Despite EU tariffs of up to 45.3% imposed in late 2024 to counteract what Brussels views as unfair competitive advantages due to Chinese subsidies, Chinese BEV exports to the EU have not shown a sustained decline. Instead, data indicate that exports of plug-in hybrid electric vehicles (PHEVs) and hybrid electric vehicles (HEVs) from China, which are exempt from these tariffs, have increased noticeably.

This flexible market response by Chinese automakers is reflected in the growing local production of these vehicles within the EU. Companies such as BYD, Chery, and Polestar are investing in local production facilities in Europe, with BYD establishing a plant in Hungary, Chery in Spain, and Polestar in Slovakia. This localization serves both to sidestep tariffs and to establish a lasting presence in European markets, although it also invites regulatory scrutiny, as seen with EU probes into foreign subsidies at BYD’s Hungarian plant.

BYD, a leading Chinese automaker, has seen significant success in the European market. In March 2025, its BEV sales more than doubled to 4,633 units compared to the previous year. However, the company's PHEV sales now nearly match these figures, indicating a significant shift in focus towards PHEVs. In the same month, BYD and Chery sold 3,269 and 757 PHEVs, respectively, in the European Union markets.

The increased sales of PHEVs by both BYD and Chery suggest a strategic move to avoid EU tariffs on BEVs. The demand for BEVs by European consumers is slowing, leading to companies like Stellantis joint venture partner Leapmotor offering a gas-generator extended-range electric vehicle powertrain option for its new C10 midsize SUV.

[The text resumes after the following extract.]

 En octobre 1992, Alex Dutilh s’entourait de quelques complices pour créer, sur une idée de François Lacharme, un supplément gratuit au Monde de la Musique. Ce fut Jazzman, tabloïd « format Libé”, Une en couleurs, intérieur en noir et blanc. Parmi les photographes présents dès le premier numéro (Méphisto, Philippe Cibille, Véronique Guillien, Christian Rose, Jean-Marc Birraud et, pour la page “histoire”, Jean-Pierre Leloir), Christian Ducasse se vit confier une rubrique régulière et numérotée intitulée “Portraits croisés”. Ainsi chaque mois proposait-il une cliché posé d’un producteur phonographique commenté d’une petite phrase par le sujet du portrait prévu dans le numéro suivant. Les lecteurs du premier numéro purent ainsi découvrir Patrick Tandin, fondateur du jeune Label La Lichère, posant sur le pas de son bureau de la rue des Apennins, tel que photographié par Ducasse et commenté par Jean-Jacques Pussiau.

Didi Bostock, membership editor for Rho Motion, stated that the shift towards hybrids by Chinese brands was expected and a result of finding a "backdoor" to the EU market. The switch to hybrids is a clear move by Chinese brands to avoid EU tariffs on their BEVs, in addition to the EU's standard 10% import duty. This is a significant increase from virtually none at all since the European Union introduced tariffs against automakers whose BEVs were judged to be unfairly subsidized by the Chinese state last summer.

The negotiations between the EU and China to relax some tariffs are in response to punishing tariffs on automobiles imposed by the U.S., which are affecting both trading partners' auto industries. This temporary move towards hybrid vehicles by Chinese brands is expected to change as these negotiations progress.

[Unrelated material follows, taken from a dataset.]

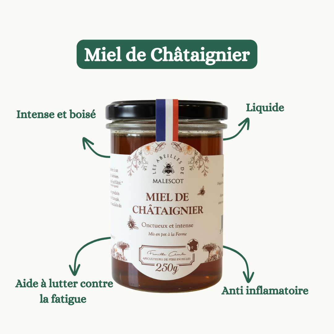 Découvrez le miel de Châtaignier, un nectar puissant issu des forêts préservées des Pyrénées. Avec ses notes boisées et légèrement amères, ce miel au goût intense séduit les amateurs de caractère. Sa texture onctueuse et sa richesse aromatique en font un miel d’exception, apprécié pour ses saveurs profondes et corsées.

In summary, Chinese BEV exports to the EU have remained resilient despite tariffs, sales of Chinese PHEVs and HEVs (not subject to the tariffs) have grown significantly, Chinese automakers are increasingly localizing production within the EU to reduce tariff exposure, and pricing is moderated by political considerations to avoid triggering further trade restrictions. This flexible and multifaceted response enables Chinese manufacturers to sustain their European market presence while adapting to the tariff environment.

  1. The resilience of Chinese BEV exports and the significant growth of Chinese PHEV and HEV sales indicate an strategies adaptation by Chinese automakers to maintain a strong presence in the European Union, leveraging technology such as hybrid vehicles and local production facilities.
  2. In response to tariffs imposed on battery-electric vehicles in the European Union, Didi Bostock, a membership editor for Rho Motion, pointed out that the shift towards hybrids by Chinese brands was a finding of a "backdoor" to the EU market, resulting from a strategic move to avoid tariffs using technology like hybrid vehicles while awaiting negotiations to relax some tariffs.